Like in other neurodegenerative disorders, including Alzheimer's and Parkinson's disease, the presence of aggregates is linked to ALS pathology; each condition is characterised by the progressive and gradual spread of an aggregated signature protein deposited in inclusions in a stereotypical pattern through the neuroaxis [57]. These observed generic characteristics have led to the emergent concept of ‘prion-like behaviour’ as a mechanism underlying the aggregation and spread of misfolded proteins in these diseases, which is a conceptual framework borrowed from prion diseases [56], [57], [58]. The mammalian cellular prion protein, PrPc, is a glycosyl-phosphatidylinositol anchored membrane-bound glycoprotein encoded by the PRNP gene that can misfold into the β-sheet rich pathological conformer PrPSc. What makes the prion unique is not its capacity to self-propagate through induced misfolding and amplification in an amyloidogenic manner, reflected by an incubation period of several years followed by a rapid clinical presentation phase, but by its transmissibility between individuals and, exceptionally, across species [59]. Such infectivity appears to occur without RNA or DNA driving replication, unlike conventional infectious agents such as bacteria or viruses, with the term ‘protein only hypothesis’ sometimes used to refer to the causative agent of prion diseases [60]. To propagate pathology throughout the CNS, the pathological conformer is thought to leave an affected cell and to be taken up by surrounding cells, where it induces the conversion (also known as ‘seeding’) of endogenous natively folded protein counterparts into the pathological conformation, ultimately causing misfolding and aggregation to spread [61].

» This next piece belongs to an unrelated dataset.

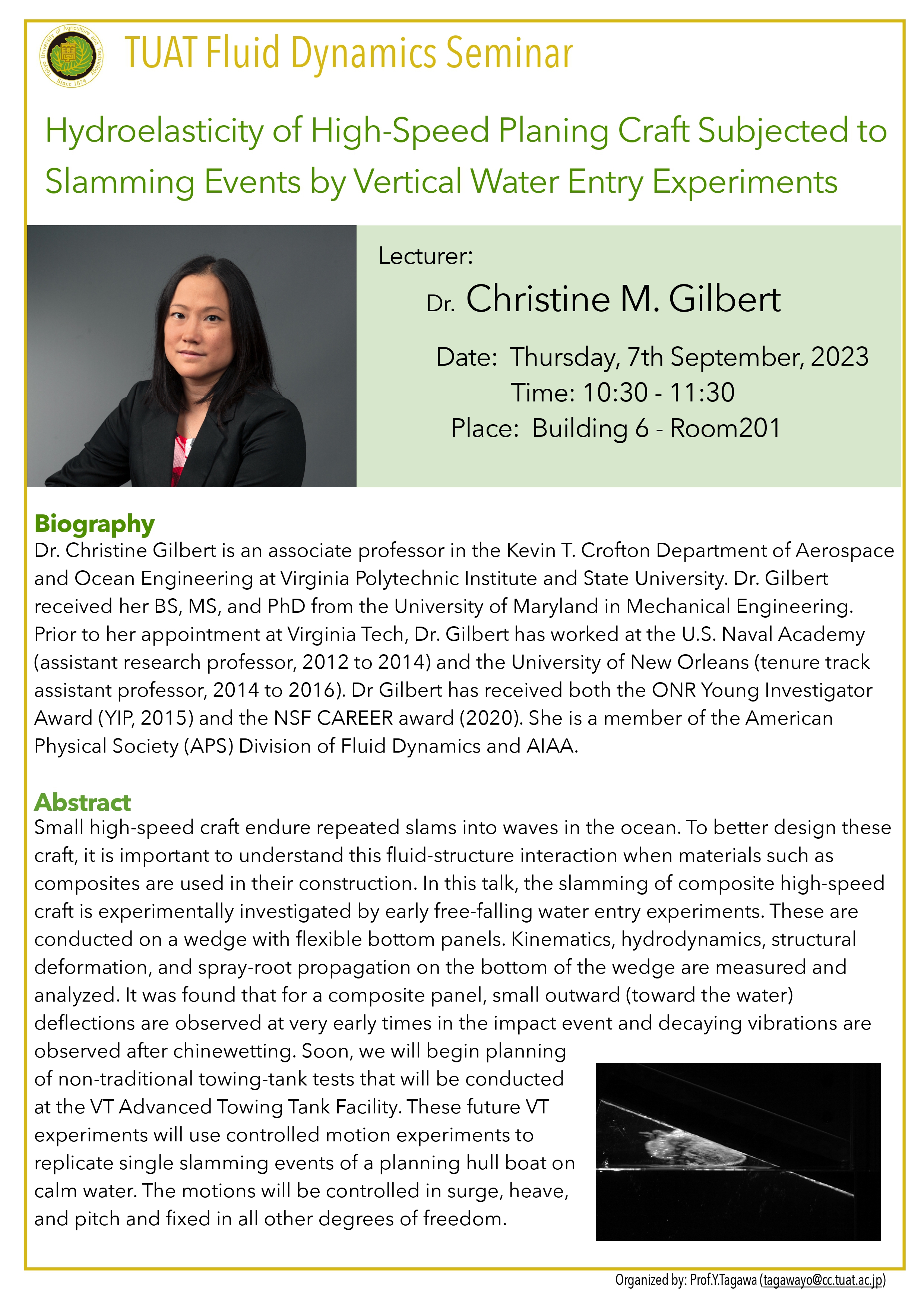 Small high-speed craft endure repeated slams into waves in the ocean. To better design these craft, it is important to understand this fluid-structure interaction when materials such as composites are used in their construction. In this talk, the slamming of composite high-speed craft is experimentally investigated by early free-falling water entry experiments. These are conducted on a wedge with flexible bottom panels. Kinematics, hydrodynamics, structural deformation, and spray-root propagation on the bottom of the wedge are measured and analyzed. It was found that for a composite panel, small outward (toward the water) deflections are observed at very early times in the impact event and decaying vibrations are observed after chinewetting. Soon, we will begin planning of non-traditional towing-tank tests that will be conducted at the VT Advanced Towing Tank Facility. These future VT experiments will use controlled motion experiments to replicate single slamming events of a planning hull boat on calm water. The motions will be controlled in surge, heave, and pitch and fixed in all other degrees of freedom.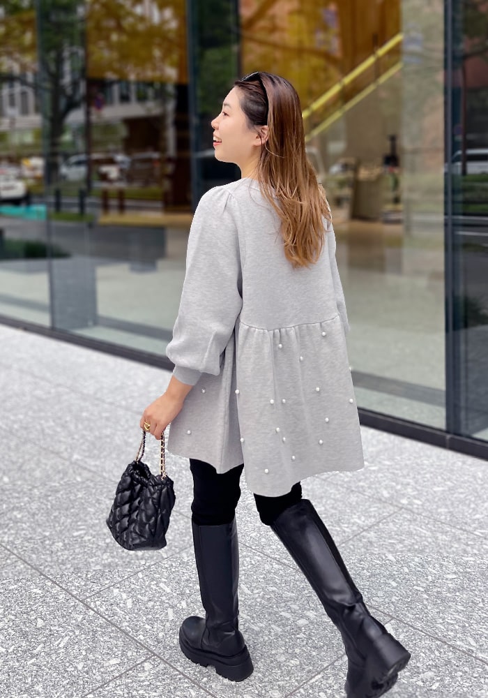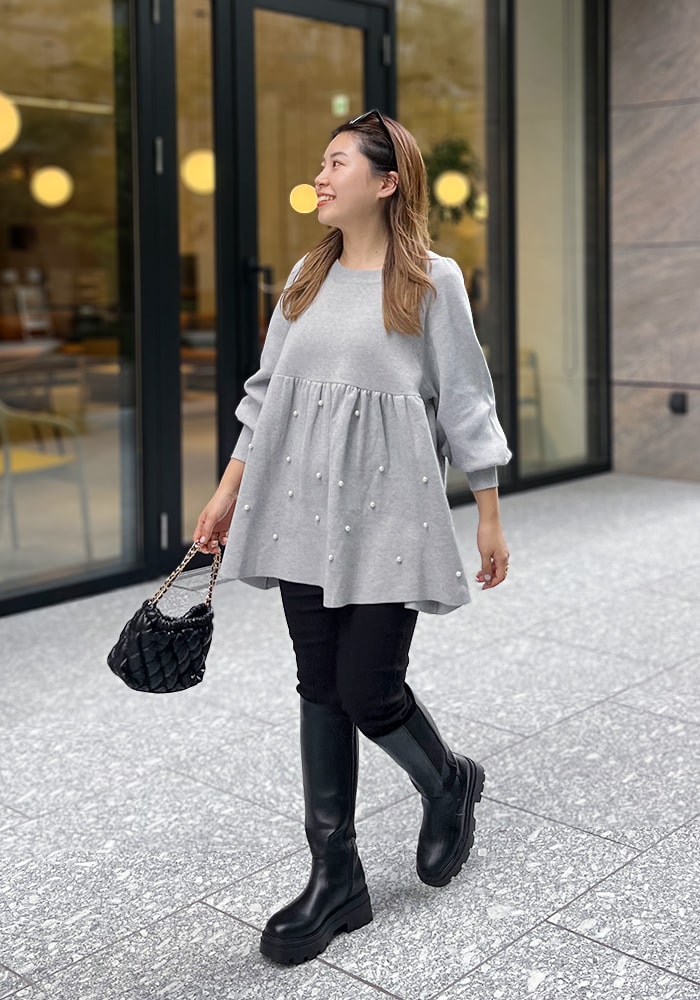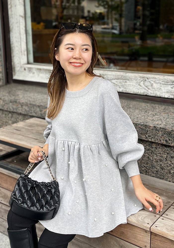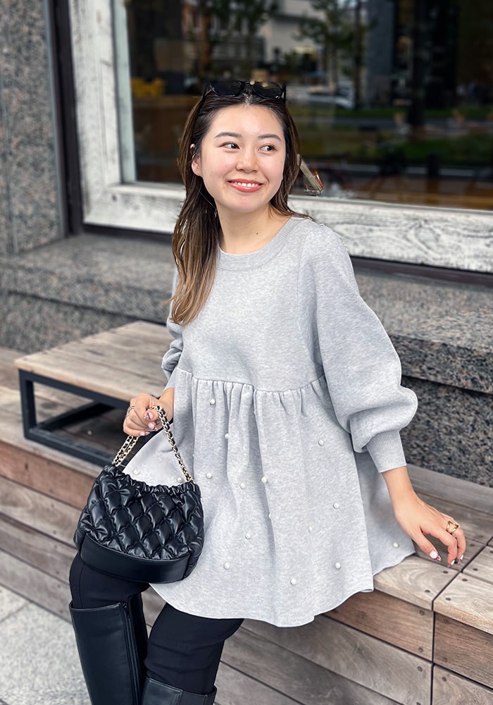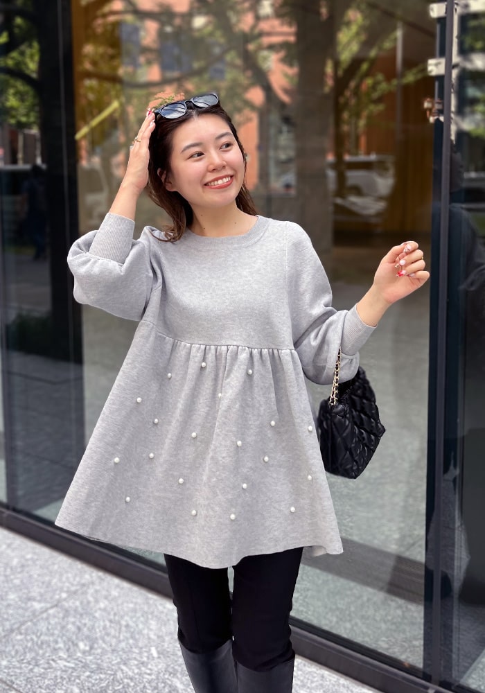 パールペプラムニット

Both mammalian and yeast prions share the ability to form amyloid fibrils, but while the former appears to be pathogenic, the latter are normally functional and can even be advantageous in yeast. Out of 20,000 human protein-encoding genes analysed, 240 genes have been identified as containing sequences related to yeast prion-like domains, which are typically enriched in polar, uncharged amino acids [62]. Thirty percent of these are RNA binding proteins, including TDP-43 and FUS, indicating that these low complexity sequences are important for function under normal physiological conditions [62]. The prion-like domain, in particular of TDP-43, confers a high aggregation propensity [16], which may explain why many proteins containing these sequences may misfold and aggregate in neurodegenerative diseases. SOD1 does not contain a prion-like domain, but shares many attributes with mammalian prions, including self-replication in vitro and transfer of aggregates in culture [32].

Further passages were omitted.